» **TASK STATEMENT**: With pictures excluded, repeat exactly the lines from the one containing "The East Tampa" through the last line of the material below.

» **SOURCE DATA**:
______________________________

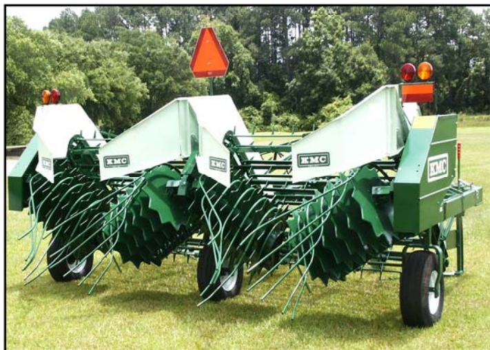
4 Row: MORE DIGGING CAPACITY THAN 2-ROW MODEL WITH NEW DESIGN IMPROVEMENTS FOR BETTER PERFORMANCE.
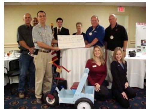
The East Tampa Rotary presented $1,500 to the PET Project.
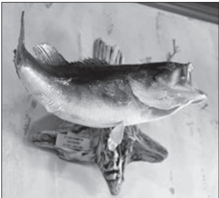
Little Wolf River Outfitters in downtown Manawa now offers taxidermy for fish, with the option of either a skin mount or replica.

He said he will be holding the same fishing contest he held last year, which challenges kids to catch all 12 species of fish found in the Little Wolf River.
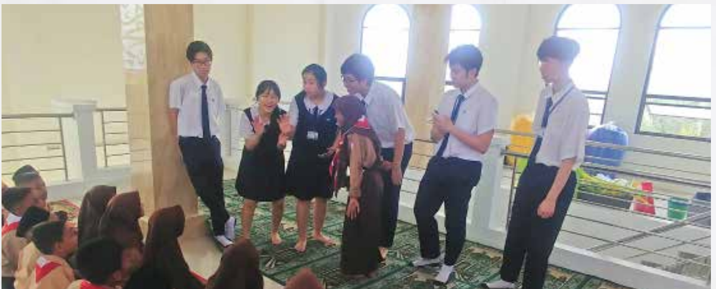
"Grade 12 Build a Library for Kamal Muara Village"

______________________________

» **ANSWER TO THE PROBLEM**:
The East Tampa Rotary presented $1,500 to the PET Project.
Little Wolf River Outfitters in downtown Manawa now offers taxidermy for fish, with the option of either a skin mount or replica.

He said he will be holding the same fishing contest he held last year, which challenges kids to catch all 12 species of fish found in the Little Wolf River.
"Grade 12 Build a Library for Kamal Muara Village"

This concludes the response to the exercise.